Trifluoroacetylglycine CF3CO-Gly (Table 3, Note ii)
Suggestions for symbols to designate substituent (or protecting) groups common in peptide and protein chemistry are given in Tables 2, 3 & 4.
Click here for "table free" view if the tables below are faulty.
Table 2. Nitrogen substituents (protecting groups) of the urethane type
Benzyloxycarbonyl- | Z- or Cbz- |
2-(p-Biphenylyl)isopropyloxycarbonyl- [strictly 1-(biphenyl-4-yl)-1-methylethoxycarbonyl-] | Bpoc- |
p-Bromobenzyloxycarbonyl- | Z(Br)- |
t-Butoxycarbonyl- | Boc- or ButOCO- or t-BuOCO- or Me3C-OCO- |
α,α-Dimethyl-3,5-dimethoxybenzyloxycarbonyl- | Ddz- |
Fluoren-9-ylmethoxycarbonyl- | Fmoc- |
p-Methoxybenzyloxycarbonyl- | Z(OMe)- |
p-Nitrobenzyloxycarbonyl- | Z(NO2)- |
p-Phenylazobenzyloxycarbonyl- | Pz- |
Table 3. Non-urethane substituents for nitrogen, oxygen or sulfur
Acetamidomethyl- | Acm- |
Acetyl- | Ac- |
Benzoyl- (C6H5-CO-) | PhCO- (or Bz-; see note in 3AA-18.1) |
Benzyl- (C6H5 -CH2-) | PhCH2- (or Bzl; see note in 3AA-18.1) |
Carbamoyl- | NH2CO- (preferred to Cbm-) |
(3-Carboxy-4-nitrophenyl)thio- | Nbs- (see 3AA-18.2) |
3-Carboxypropanoyl- (HOOC-CH2-CH2-CO-) | Suc- (see Note i) |
Dansyl-, 5-(dimethylamino)naphth-l-ylsulfonyl- | Dns- |
2,4-Dinitrophenyl- | Dnp- or N2ph (see Note ii) |
Formyl- | HCO- or For- (see Note iii) |
4-Iodophenylsulfonyl- (pipsyl-) | Ips- |
Maleoyl- (-OC-CH=CH-CO-) | -Mal- or Mal< (C-404.1 of [14]) |
Maleyl- (HOOC-CH=CH-CO-) | Mal- |
2-Nitrophenylthio- | NpS (Nps- often used) |
Phenyl(thiocarbamoyl)- | PhNHCS- or Ptc- |
Phthaloyl- | -Pht- or Pht< |
Phthalyl- (o-carboxybenzoyl-) | Pht- |
Succinyl- (-OC-CH2-CH2-CO-) | -Suc- or Suc< (see Note i) |
Tosyl- | Tos- |
Trifluoroacetyl- | CF3CO- |
Trityl- (triphenylmethyl-) | Ph3C- or Trt- |
Notes
(i) In organic nomenclature (C-404.1 of [14]), 'succinyl' signifies the bivalent group formed from succinic acid by removal of both hydroxyl groups, but in biochemical usage it usually signifies the 3-carboxypropanoyl group, e.g. succinyl-CoA.

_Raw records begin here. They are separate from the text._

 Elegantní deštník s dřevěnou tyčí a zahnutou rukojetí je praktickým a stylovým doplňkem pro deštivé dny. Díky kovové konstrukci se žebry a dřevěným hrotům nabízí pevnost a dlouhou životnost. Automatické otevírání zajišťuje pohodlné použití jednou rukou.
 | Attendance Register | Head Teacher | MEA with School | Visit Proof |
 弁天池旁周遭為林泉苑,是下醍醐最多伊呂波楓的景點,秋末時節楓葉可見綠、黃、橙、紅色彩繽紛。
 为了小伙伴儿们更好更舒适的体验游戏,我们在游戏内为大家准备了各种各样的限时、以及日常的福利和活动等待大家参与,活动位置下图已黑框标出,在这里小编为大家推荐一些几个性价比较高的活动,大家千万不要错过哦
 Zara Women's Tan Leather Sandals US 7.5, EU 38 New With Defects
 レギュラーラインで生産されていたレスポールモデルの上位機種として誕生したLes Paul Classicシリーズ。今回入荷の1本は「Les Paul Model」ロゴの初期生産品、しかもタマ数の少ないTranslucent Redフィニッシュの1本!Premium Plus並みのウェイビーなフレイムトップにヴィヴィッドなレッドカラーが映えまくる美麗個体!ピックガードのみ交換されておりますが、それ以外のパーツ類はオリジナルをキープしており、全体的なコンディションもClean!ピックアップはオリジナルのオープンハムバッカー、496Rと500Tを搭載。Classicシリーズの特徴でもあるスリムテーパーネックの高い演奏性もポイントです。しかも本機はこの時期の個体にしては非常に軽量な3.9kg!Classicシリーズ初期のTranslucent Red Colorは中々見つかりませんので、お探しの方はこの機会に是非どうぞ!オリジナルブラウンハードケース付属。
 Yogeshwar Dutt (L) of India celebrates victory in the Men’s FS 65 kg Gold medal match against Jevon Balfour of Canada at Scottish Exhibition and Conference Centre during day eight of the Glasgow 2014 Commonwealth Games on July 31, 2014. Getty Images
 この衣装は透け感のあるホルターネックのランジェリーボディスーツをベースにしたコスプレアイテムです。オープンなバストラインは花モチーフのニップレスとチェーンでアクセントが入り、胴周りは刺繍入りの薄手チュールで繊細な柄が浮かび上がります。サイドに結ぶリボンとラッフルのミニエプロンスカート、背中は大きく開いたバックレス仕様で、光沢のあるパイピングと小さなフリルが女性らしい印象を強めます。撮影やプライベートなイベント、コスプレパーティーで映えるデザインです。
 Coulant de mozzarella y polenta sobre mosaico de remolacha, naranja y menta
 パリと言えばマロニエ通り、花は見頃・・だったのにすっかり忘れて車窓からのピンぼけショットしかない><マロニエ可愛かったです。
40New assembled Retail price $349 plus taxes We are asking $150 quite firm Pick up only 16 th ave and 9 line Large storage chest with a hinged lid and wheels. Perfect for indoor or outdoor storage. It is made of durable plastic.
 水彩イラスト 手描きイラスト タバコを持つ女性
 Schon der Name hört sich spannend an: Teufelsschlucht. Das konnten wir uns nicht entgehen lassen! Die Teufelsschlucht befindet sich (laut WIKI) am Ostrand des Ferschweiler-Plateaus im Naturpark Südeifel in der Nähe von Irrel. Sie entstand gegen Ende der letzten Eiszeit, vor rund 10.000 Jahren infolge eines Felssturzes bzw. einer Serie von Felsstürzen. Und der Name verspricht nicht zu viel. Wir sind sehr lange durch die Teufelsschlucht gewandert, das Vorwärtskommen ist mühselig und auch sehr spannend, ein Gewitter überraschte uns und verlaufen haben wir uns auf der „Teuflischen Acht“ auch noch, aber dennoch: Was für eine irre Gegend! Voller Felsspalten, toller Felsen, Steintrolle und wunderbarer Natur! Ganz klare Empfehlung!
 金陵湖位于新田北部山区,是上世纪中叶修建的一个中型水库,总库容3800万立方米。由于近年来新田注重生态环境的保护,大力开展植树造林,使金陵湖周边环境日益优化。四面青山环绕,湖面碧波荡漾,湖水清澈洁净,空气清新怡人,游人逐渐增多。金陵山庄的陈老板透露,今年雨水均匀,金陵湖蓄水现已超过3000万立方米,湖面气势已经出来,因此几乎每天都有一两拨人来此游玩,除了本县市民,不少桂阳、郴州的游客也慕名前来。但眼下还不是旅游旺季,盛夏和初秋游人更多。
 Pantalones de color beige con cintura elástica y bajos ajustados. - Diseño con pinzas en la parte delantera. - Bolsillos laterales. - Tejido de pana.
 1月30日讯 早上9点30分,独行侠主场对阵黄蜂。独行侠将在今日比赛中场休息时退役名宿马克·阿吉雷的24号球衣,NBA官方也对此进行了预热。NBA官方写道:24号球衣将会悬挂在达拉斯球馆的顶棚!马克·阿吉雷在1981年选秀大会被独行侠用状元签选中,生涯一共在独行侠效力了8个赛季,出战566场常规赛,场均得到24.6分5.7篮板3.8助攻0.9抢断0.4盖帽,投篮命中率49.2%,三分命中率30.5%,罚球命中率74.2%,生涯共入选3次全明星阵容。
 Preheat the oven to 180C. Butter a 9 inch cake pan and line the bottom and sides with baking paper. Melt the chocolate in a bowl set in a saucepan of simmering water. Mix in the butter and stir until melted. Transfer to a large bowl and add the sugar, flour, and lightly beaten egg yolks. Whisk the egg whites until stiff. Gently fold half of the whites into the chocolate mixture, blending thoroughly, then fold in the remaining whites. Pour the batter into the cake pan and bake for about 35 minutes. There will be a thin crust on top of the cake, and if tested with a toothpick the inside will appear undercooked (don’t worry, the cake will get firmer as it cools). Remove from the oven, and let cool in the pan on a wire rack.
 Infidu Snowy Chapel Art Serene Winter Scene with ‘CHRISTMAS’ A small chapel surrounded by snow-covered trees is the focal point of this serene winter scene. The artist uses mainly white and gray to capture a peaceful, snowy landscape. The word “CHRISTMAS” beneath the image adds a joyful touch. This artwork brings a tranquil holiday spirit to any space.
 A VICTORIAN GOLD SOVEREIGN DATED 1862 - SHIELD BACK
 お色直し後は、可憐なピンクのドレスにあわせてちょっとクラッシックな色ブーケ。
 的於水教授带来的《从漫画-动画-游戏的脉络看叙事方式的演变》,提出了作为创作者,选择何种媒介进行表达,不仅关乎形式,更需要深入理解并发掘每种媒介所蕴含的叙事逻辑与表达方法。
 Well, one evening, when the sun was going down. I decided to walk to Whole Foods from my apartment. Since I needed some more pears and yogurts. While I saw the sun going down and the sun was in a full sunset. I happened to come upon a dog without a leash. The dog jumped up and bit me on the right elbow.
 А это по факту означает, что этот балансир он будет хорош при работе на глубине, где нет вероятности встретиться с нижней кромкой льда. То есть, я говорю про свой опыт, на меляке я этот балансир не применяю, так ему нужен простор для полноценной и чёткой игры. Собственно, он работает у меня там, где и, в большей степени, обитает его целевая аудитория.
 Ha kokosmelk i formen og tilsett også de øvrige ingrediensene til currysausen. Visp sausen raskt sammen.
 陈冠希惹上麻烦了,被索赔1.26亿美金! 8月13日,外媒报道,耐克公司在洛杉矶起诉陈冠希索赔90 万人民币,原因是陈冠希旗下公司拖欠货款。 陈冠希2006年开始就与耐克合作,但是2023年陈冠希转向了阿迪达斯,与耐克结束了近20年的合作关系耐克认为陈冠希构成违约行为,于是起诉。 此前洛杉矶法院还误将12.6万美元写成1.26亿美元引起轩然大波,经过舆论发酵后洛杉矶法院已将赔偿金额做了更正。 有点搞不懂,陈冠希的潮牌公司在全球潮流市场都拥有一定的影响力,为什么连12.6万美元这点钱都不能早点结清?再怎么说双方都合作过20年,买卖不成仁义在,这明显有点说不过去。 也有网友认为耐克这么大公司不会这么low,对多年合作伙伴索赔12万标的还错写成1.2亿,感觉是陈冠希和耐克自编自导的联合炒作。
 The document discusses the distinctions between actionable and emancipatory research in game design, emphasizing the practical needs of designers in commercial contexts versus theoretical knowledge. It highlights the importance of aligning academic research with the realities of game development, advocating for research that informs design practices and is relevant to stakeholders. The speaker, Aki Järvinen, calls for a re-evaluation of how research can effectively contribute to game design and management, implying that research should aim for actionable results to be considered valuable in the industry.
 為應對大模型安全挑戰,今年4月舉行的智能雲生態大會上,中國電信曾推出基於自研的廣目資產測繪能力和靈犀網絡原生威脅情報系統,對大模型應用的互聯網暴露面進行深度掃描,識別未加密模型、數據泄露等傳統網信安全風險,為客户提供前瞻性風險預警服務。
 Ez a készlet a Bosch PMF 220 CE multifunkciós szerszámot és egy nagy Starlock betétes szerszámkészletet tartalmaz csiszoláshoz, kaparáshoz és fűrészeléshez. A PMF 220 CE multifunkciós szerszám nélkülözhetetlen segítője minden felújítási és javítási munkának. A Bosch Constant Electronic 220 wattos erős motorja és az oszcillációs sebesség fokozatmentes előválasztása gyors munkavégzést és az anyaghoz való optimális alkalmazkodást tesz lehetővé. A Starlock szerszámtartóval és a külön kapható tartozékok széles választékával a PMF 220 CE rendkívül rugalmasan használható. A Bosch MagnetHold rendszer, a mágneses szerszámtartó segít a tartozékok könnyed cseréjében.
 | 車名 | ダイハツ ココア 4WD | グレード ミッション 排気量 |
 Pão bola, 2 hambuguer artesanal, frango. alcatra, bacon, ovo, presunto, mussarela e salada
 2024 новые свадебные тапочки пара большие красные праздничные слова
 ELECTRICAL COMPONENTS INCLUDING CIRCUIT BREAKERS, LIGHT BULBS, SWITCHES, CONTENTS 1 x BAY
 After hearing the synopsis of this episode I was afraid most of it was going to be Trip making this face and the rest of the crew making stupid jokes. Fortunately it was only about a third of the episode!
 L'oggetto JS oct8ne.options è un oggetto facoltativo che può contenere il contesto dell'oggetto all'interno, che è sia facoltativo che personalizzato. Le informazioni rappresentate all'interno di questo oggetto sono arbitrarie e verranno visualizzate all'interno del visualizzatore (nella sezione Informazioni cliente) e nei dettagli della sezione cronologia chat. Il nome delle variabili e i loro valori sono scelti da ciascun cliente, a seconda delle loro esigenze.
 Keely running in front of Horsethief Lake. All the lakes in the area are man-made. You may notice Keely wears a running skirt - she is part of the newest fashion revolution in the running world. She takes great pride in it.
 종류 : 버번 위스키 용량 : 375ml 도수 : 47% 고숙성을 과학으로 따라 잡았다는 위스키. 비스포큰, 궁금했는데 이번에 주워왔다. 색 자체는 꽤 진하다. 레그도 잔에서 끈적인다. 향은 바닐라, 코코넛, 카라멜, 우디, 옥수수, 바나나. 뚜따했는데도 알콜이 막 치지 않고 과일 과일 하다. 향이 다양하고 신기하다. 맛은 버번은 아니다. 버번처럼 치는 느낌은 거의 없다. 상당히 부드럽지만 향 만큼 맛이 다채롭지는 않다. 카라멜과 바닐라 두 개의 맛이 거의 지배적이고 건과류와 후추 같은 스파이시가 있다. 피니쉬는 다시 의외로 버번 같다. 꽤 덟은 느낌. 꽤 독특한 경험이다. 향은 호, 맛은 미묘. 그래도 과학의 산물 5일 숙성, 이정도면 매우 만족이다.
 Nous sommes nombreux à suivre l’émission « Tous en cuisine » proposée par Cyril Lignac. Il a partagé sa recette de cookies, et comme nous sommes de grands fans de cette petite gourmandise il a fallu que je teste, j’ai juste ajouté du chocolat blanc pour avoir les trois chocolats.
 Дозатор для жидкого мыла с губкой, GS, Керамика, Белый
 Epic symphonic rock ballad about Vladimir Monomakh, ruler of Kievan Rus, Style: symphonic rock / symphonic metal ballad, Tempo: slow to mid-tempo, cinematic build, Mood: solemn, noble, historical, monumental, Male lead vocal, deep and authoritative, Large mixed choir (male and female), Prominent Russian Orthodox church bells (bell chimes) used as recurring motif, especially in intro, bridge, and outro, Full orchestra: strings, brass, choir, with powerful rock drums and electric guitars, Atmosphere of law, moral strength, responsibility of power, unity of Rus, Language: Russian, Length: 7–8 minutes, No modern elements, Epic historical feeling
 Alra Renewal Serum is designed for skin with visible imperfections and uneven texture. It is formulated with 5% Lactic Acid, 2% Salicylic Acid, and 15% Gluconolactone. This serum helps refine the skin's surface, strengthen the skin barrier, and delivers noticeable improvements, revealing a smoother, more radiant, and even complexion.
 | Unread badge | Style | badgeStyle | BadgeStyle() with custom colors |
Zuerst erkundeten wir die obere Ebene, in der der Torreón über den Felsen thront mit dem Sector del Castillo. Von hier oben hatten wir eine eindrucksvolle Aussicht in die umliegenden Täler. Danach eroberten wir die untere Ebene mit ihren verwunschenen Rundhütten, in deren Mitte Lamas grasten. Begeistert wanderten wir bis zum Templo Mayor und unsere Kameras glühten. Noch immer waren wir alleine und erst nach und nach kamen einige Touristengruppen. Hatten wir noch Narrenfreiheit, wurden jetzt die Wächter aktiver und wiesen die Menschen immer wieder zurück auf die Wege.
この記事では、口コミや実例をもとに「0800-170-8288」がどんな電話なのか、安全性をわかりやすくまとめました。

(ii) The use of D for 'di' and T for 'tri' and 'tetra' is discouraged if these apply to atoms or groups for which simple symbols exist, e.g. in CF3 CO-, Me3Si and H4 folate. We feel less strongly when their avoidance involves giving unusual meanings to symbols, e.g. N for nitro, so Dnp and N2ph are offered as alternative symbols for dinitrophenyl. See also Note ii of 3AA-15.2.5.
(iii) The symbol HCO- is preferred to CHO- for the formyl group, because CHO- has sometimes been used to indicate the attachment of carbohydrate.
Table 4. Substituents at the carboxyl group
Group | Symbol | Name of glycine derivative (see note) |
---|---|---|
Benzotriazol-1-yloxy | -OBt | 1-(Glycyloxy)benzotriazole |
Benzyloxy | -OCH2Ph (or-OBzl, see note in 3AA-18.1) | Glycine benzyl ester |
tert-Butoxy | -OCMe3 or -OBut | Glycine t-butyl ester |
Diphenylmethoxy | -OCHPh2 or -OBzh | Glycine diphenylmethyl ester (or benzhydryl ester) |
Ethoxy | -OEt | Glycine ethyl ester |
Methoxy | -OMe | Glycine methyl ester |
4-Nitrobenzyloxy | -ONb | Glycine 4-nitrobenzyl ester |
4-Nitrophenoxy | -ONp | Glycine 4-nitrophenyl ester |
4-Nitrophenylthio | -SNp | Thioglycine S-(4-nitrophenyl ester) |
Pentachlorophenoxy | -OPcp | Glycine pentachlorophenyl ester |
Phenylthio | -SPh | Thioglycine S-(phenyl ester) |
Quinolin-8-yloxy | -OQu | Glycine quinolin-8-yl ester |
Succinimido-oxy | -ONSu or -OSu | N-(Glycyloxy)succinimide |
2,4,5-Trichlorophenyloxy | -OTcp | Glycine 2,4,5-trichlorophenyl ester |
Note. Carboxyl substituents will not normally appear as prefixes in the names of derivatives of amino acids or peptides, so the name of the group, its prefix name, given in column 1, is little used in naming compounds. Column 3 is therefore given to show how derivatives containing the group are named (by one of the alternative methods of 3AA-9.1).
See Addendum for substituents on a terminal amide group.
3AA-18.2. Principles of Symbolizing Substituent Groups and Reagents
Many reagents used in peptide and protein chemistry for modifying (often protecting) amino, carboxyl and side-chain groups in amino-acid residues have been designated by a variety of acronymic abbreviations, too numerous to list here. Extensive and indiscriminate use of such abbreviations is discouraged, especially when the accepted trivial name of the reagent is short, e.g. tosyl chloride, trityl chloride, etc.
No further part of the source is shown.